The film then takes us up to 1936 when Toscanini arrives. We’ll see a grand climactic scene with Toscanini and the orchestra on tour. They were in Tel Aviv, Haifa, Jerusalem, and then took the train down to Sinai and ferried across to Egypt where the Egyptian railway picked them up and brought them to Cairo. They played sold-out concert after sold-out concert. Then they went to the American Concert Hall in Alexandria where the same thing happened. It was a grand success.

Then the film leaps to 1948 when Israel became a state. Leonard Bernstein came to conduct, and they took the name “Israel Philharmonic Orchestra.” Both Bernstein and Issac Stern adopted the orchestra. They took it around the world for 20 years, making it into one of the great orchestras, and Zubin Mehta has continued to do that for the last 40 years.

So the film will come out in December of this year, 2011, which is the 75th anniversary of the founding of the orchestra. And the Israel Philharmonic will use it in screenings as part of the 75th anniversary in Tel Aviv, London, New York and Los Angeles. We’re also working with the Polish Council here in New York City to try and arrange screenings in all the concert halls of all the cities where Huberman found musicians. We’ll try to arrange a simultaneous screening. And that will be the world launch of the film.

SM Your project, is it non-profit?

JM: It’s a non-profit project. The film uses very little archival footage. We’re shooting re-creations which are dramatic scenes with actors in Germany and Israel and, thus, the film is quite expensive for a documentary. We’re working with donated funds here in America. We haven’t completed the fundraising yet. We have a ways to go. Foundations and individuals have been very generous. It’s a German-Israeli co-production: Media Park Productions in Germany and United Channel Movies in Israel.

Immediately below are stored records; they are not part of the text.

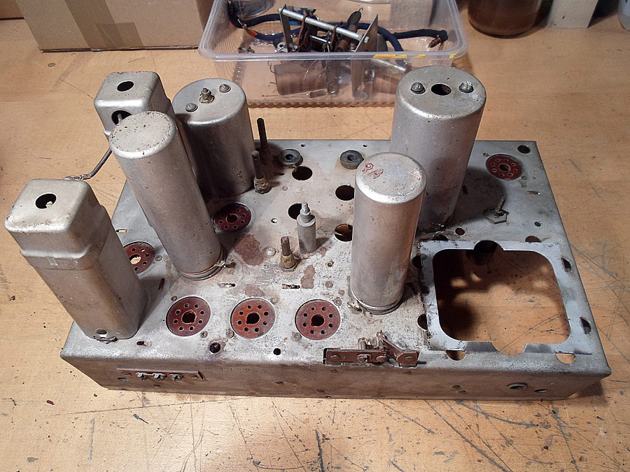 Du sollst dem Abbeizer so auftragen, das er kommt nicht auf Unterseite des Chassis und auch nicht auf die Bauteile, besonders auf die Spulen. Das ist nicht schwer, weil Abbeizer ist wie eine Gelee, nicht flüssig, nur sparsam auftragen. Nach dem abbeizen brauchst Du nichts abwaschen, nur mit Kittmesser die abgegangenen Lack abnehmen und mit Ethanol gut alles abwischen. Mann soll das alles natürlich mit Gefühl machen und vorsichtig.
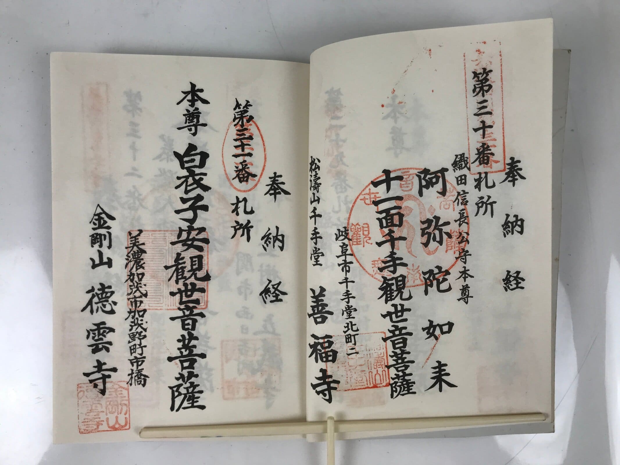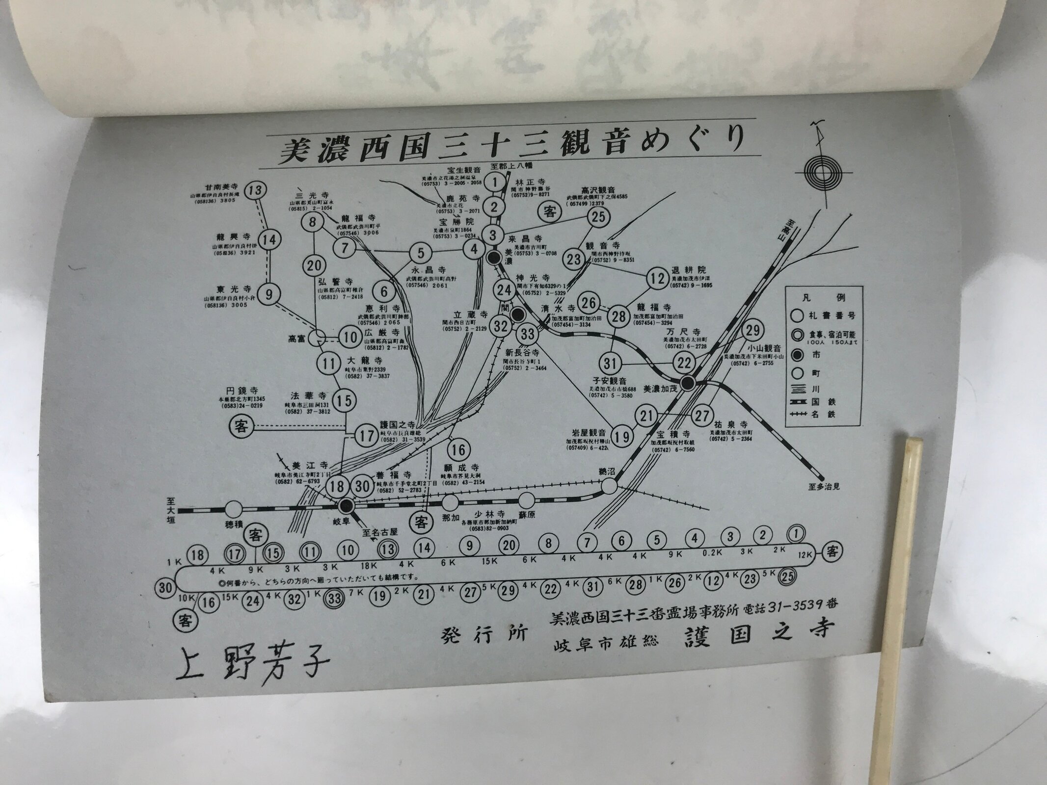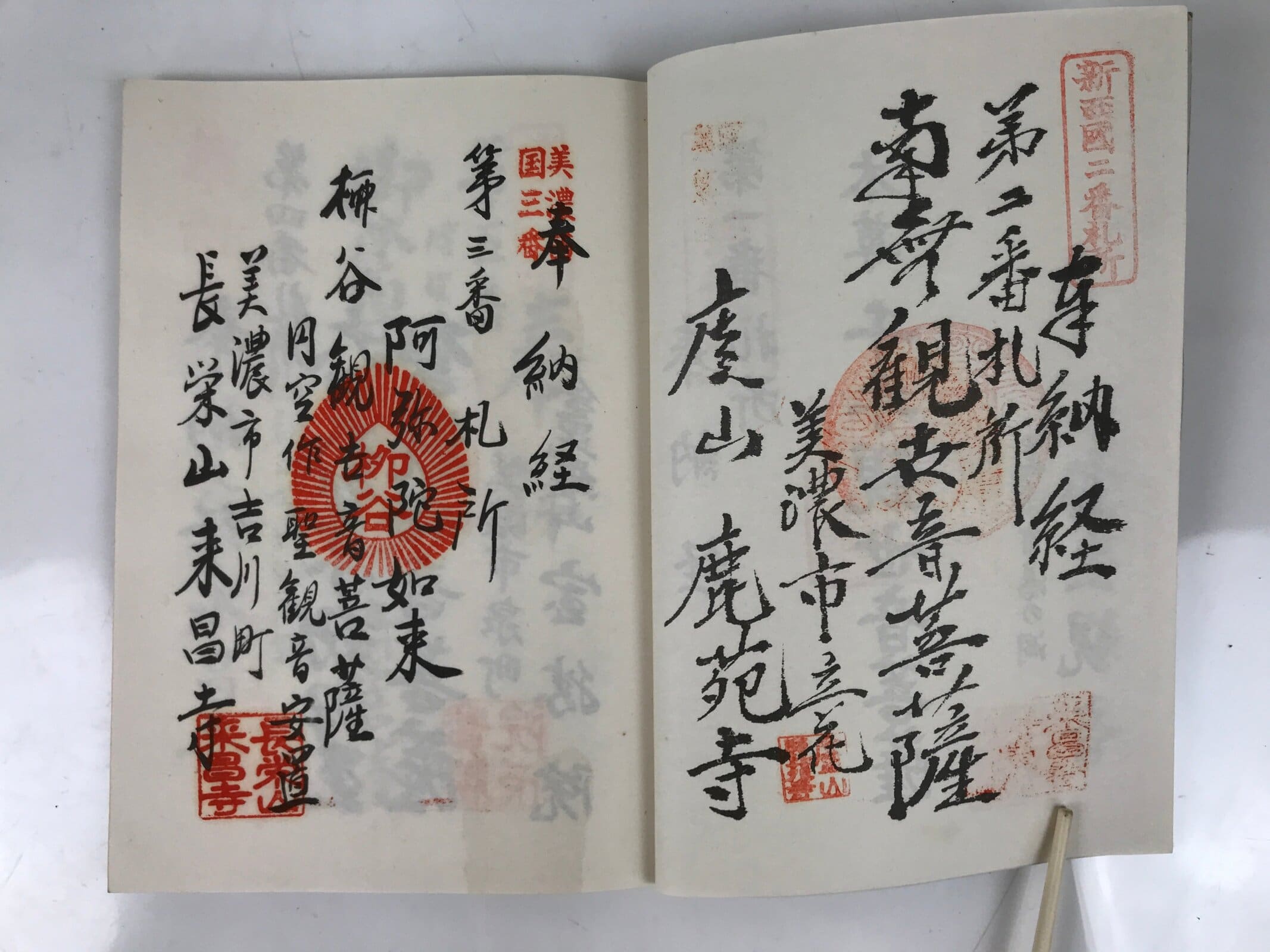 - Some characters: 美濃西国三十三霊場 Mino Saikoku 33 Sacred Places Pilgrimage, 奉納経 hounou-kyo dedicated seal stamp book
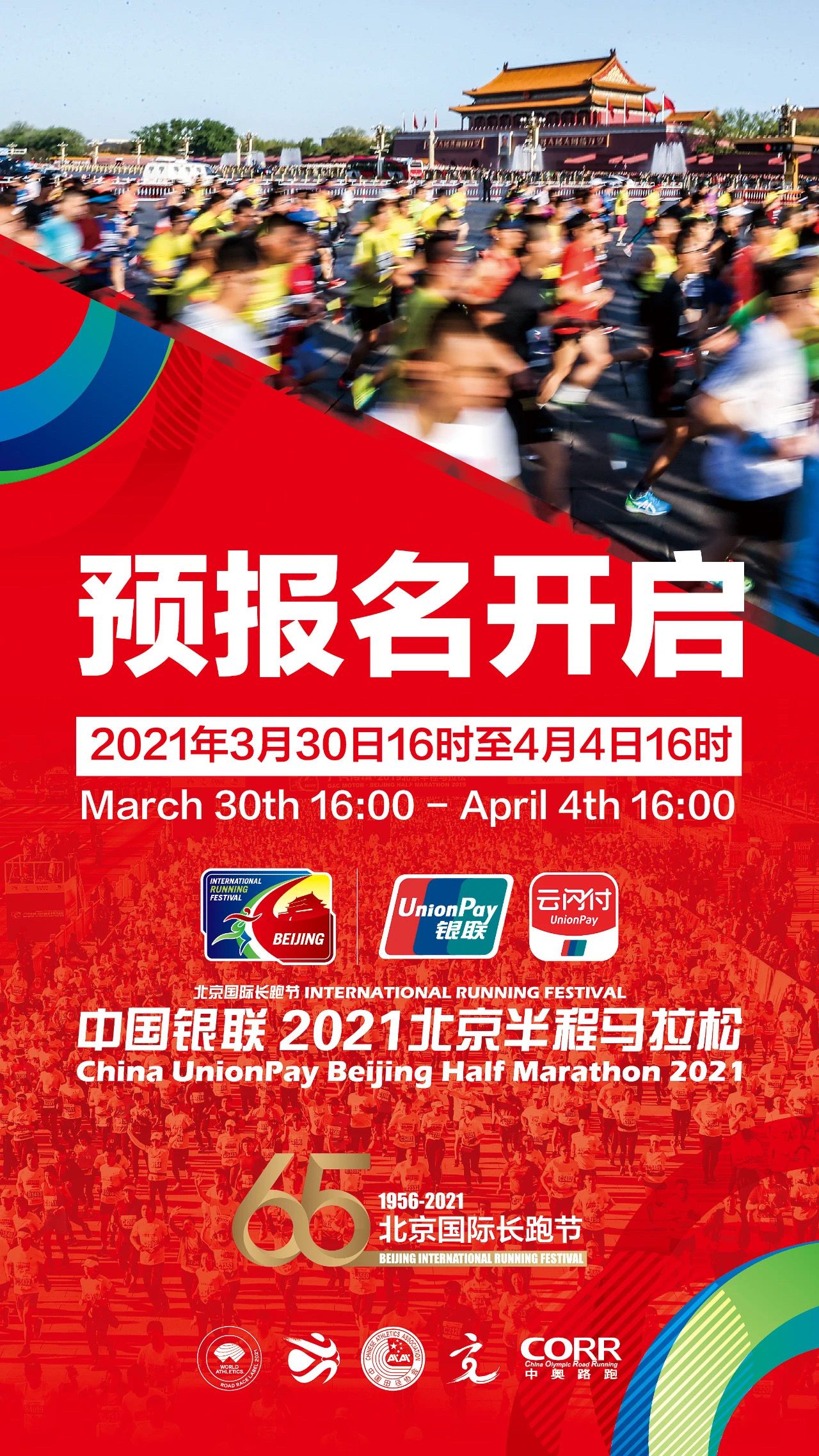 北京国际长跑节——北京半程马拉松起源于1956年举办的“北京市胜利杯环城赛跑”,后更名为“北京春节环城赛跑”。2007年赛事正式更名为“北京国际长跑节”,2016年升级为半程马拉松,截至今年,已经走过了整整65年历程。
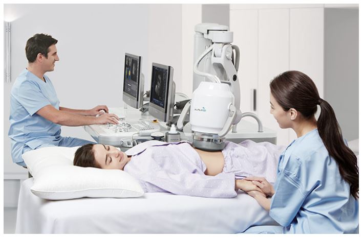 Alpinion HIFU ALPIUS 900 to najwyższej klasy urządzenie do leczenia mięśniaków macicy działające pod kontrolą USG, które wykorzystuje wiązkę ultradźwiękowa wysokiej intensywności HIFU (FUS).
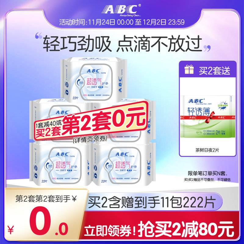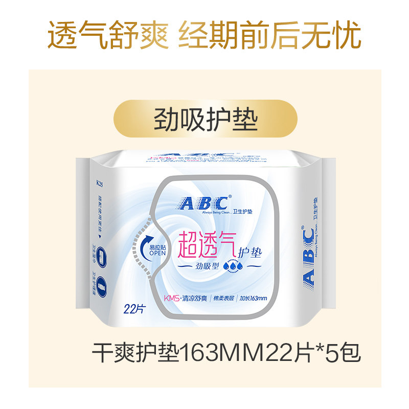 天猫abc官方旗舰店,ABC旗舰店卫生巾轻薄无感透气干爽棉柔劲吸护垫5包组合,吸收护垫 经期前后无忧 含KMS 配方
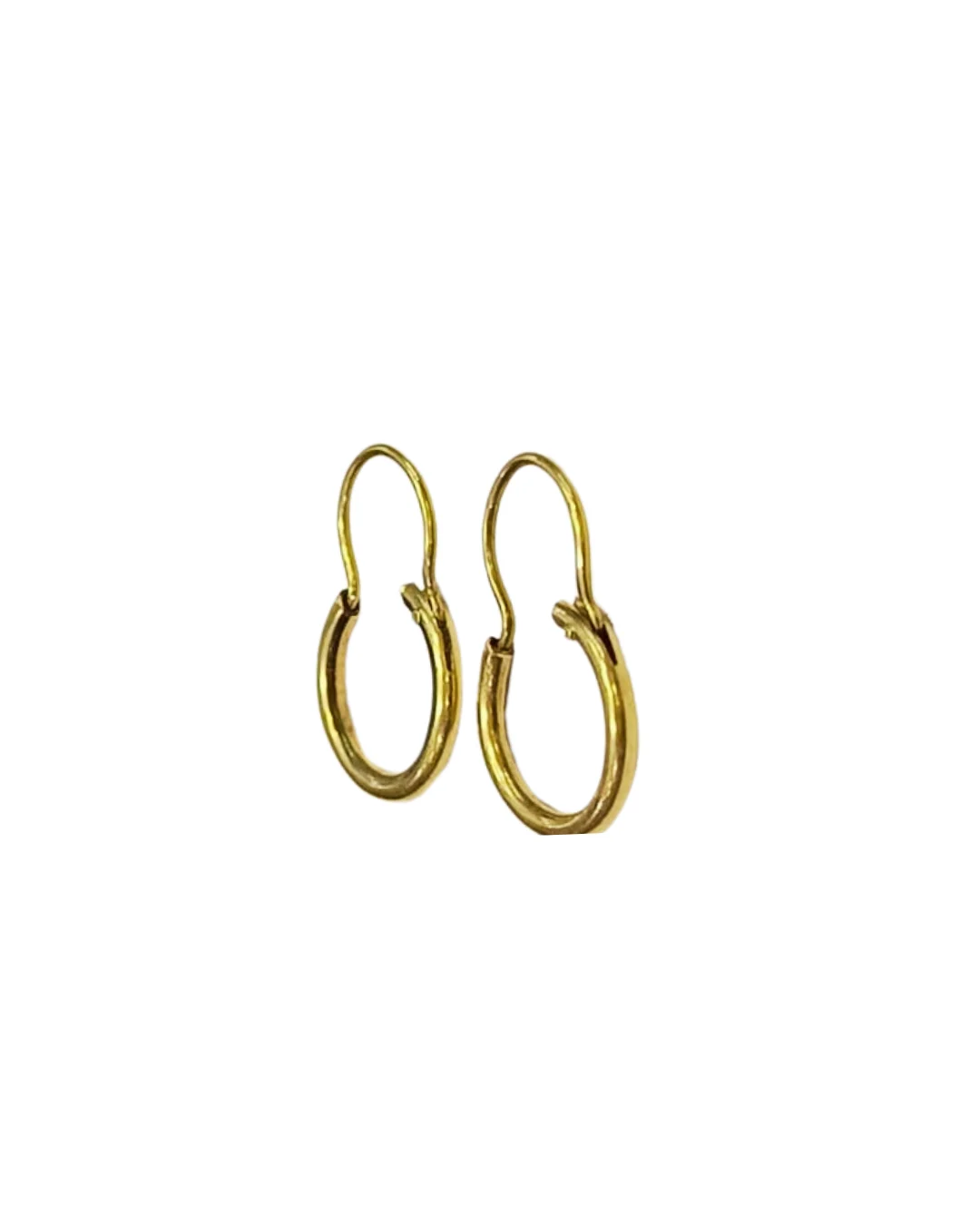 Estas elegantes argollas, hechas completamente a mano en oro 18K, presentan diseño tipo tubo con detalle de arco que crea una forma arquitectónica única. El arco aporta movimiento y sofisticación visual.
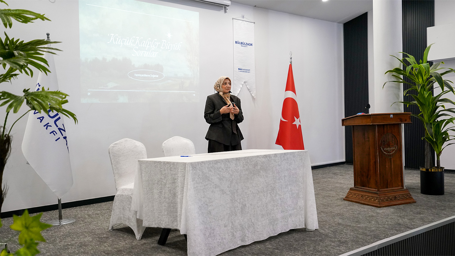 The second presentation was delivered by Clinical Psychologist Merve Doğanlar. She explained how the concept of faith is formed and how children make sense of it. She particularly focused on the questions that children ask their parents. Doğanlar also discussed the brain-based perception of reality, sharing detailed information about the neuropsychological development of children aged 4 to 12.
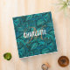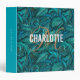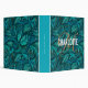 Classeur rétro 3 anneau avec un monogramme or et un nom blanc sur un arrière - plan en faux cuir à outils turquoise. Personnalisez avec l'initiale et le nom sur le devant et votre texte sur la colonne vertébrale.
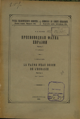 Труды Геологического комитета. Новая серия. Вып. 135 : Пресноводная фауна Евразии. Ч. 1. / В.В. Богачев - Ленинград, 1924
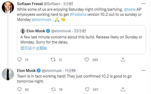 三言财经 10月10日消息,特斯拉 CEO 埃隆・马斯克今日回复网友时表示:工作团队刚刚确认 FSD beta10.2 版本将在明晚(北京时间后天凌晨)上线。
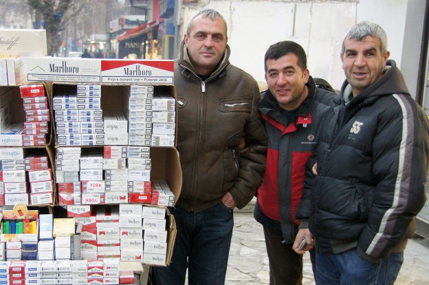 selling cigarettes in city center Peja, Kosovo
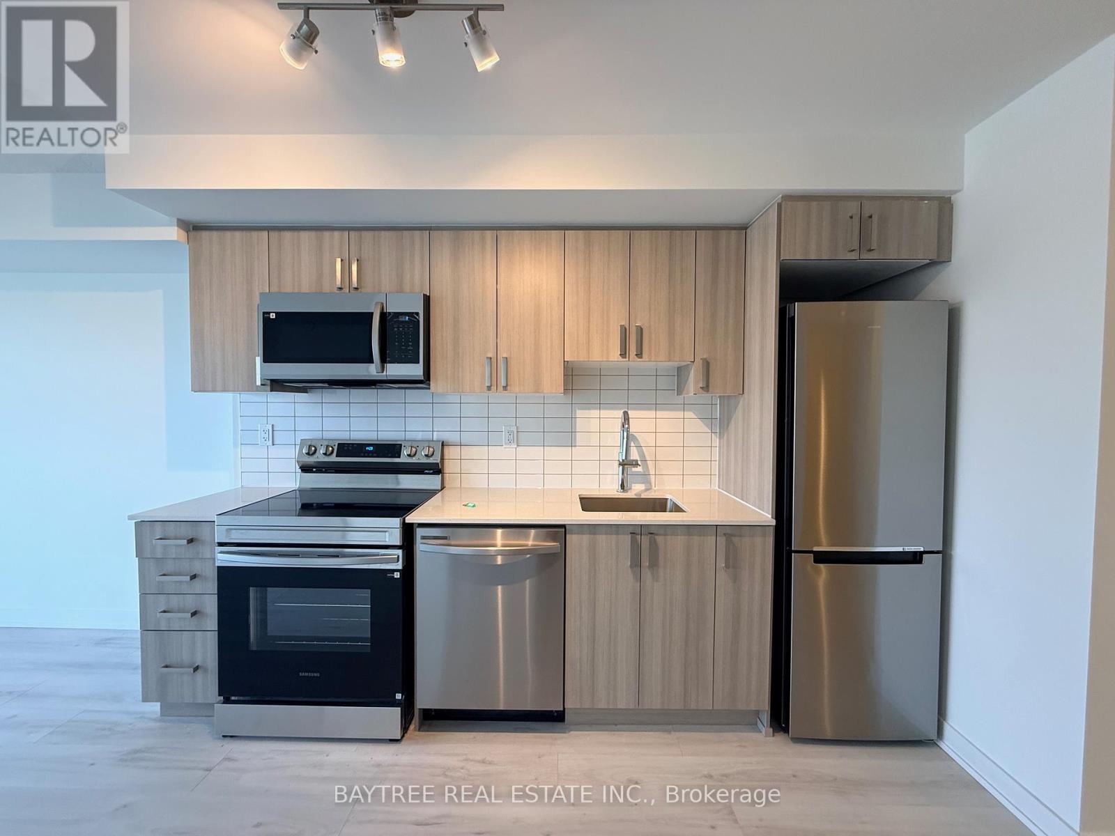 Welcome to this brand-new 1-bed + Den, 1-bathroom suite on the 3rd floor of Universal City East Condos, ideally located in Pickering's highly desirable Bay Ridges community. Offering 571 sq. ft. of bright, open-concept living space, this modern unit features smooth ceilings, expansive windows, and abundant natural light throughout.The thoughtfully designed layout maximizes both space and functionality, making it perfect for professionals or couples. Step out onto your private balcony and enjoy unobstructed lake views - an ideal setting for morning coffee or relaxing evenings overlooking Lake Ontario.The suite includes in-suite laundry, contemporary finishes, and a spacious open-concept living and dining area designed for comfortable everyday living. Rogers internet is included, adding excellent value and convenience.Residents enjoy premium building amenities including 24/7 concierge and security, a fully equipped fitness centre, and an outdoor pool, offering an elevated lifestyle experience.Conveniently located just minutes from Pickering GO Station, Highway 401, and Pickering Town Centre, this home provides seamless connectivity to Toronto and beyond. A fantastic opportunity to experience modern waterfront living in one of Pickering's most vibrant communities. (id:64974)
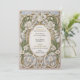 Ce luxueux faire-part de mariage baroque présente un cadre doré opulent entrelacé de délicats nénuphars blancs et d'un feuillage vert luxuriant, dressé contre un arrière - plan damassé bleu doux. Les détails complexes et les ornements tourbillonnants de style rococo créent une esthétique royale et intemporelle, parfaite pour un mariage sophistiqué. La typographie soignée renforce l'élégance classique du design, ce qui en fait un choix idéal pour les couples à la recherche d'un faire-part de mariage raffiné d'inspiration vintage. Le dos de la carte poursuit le thème royal avec un motif élégant et subtil pour un look coordonné et poli.

I hope that the film has a long life both on television and in theaters in appropriate markets. More importantly, it will be an educational tool for years to come. We’ll certainly have educational outreach screenings in Jewish museums around the world. It will be used in universities, we hope, and in other appropriate venues. Huberman was a great heroic character who should be remembered, and a role model for students. This film will be a powerful tool to that end.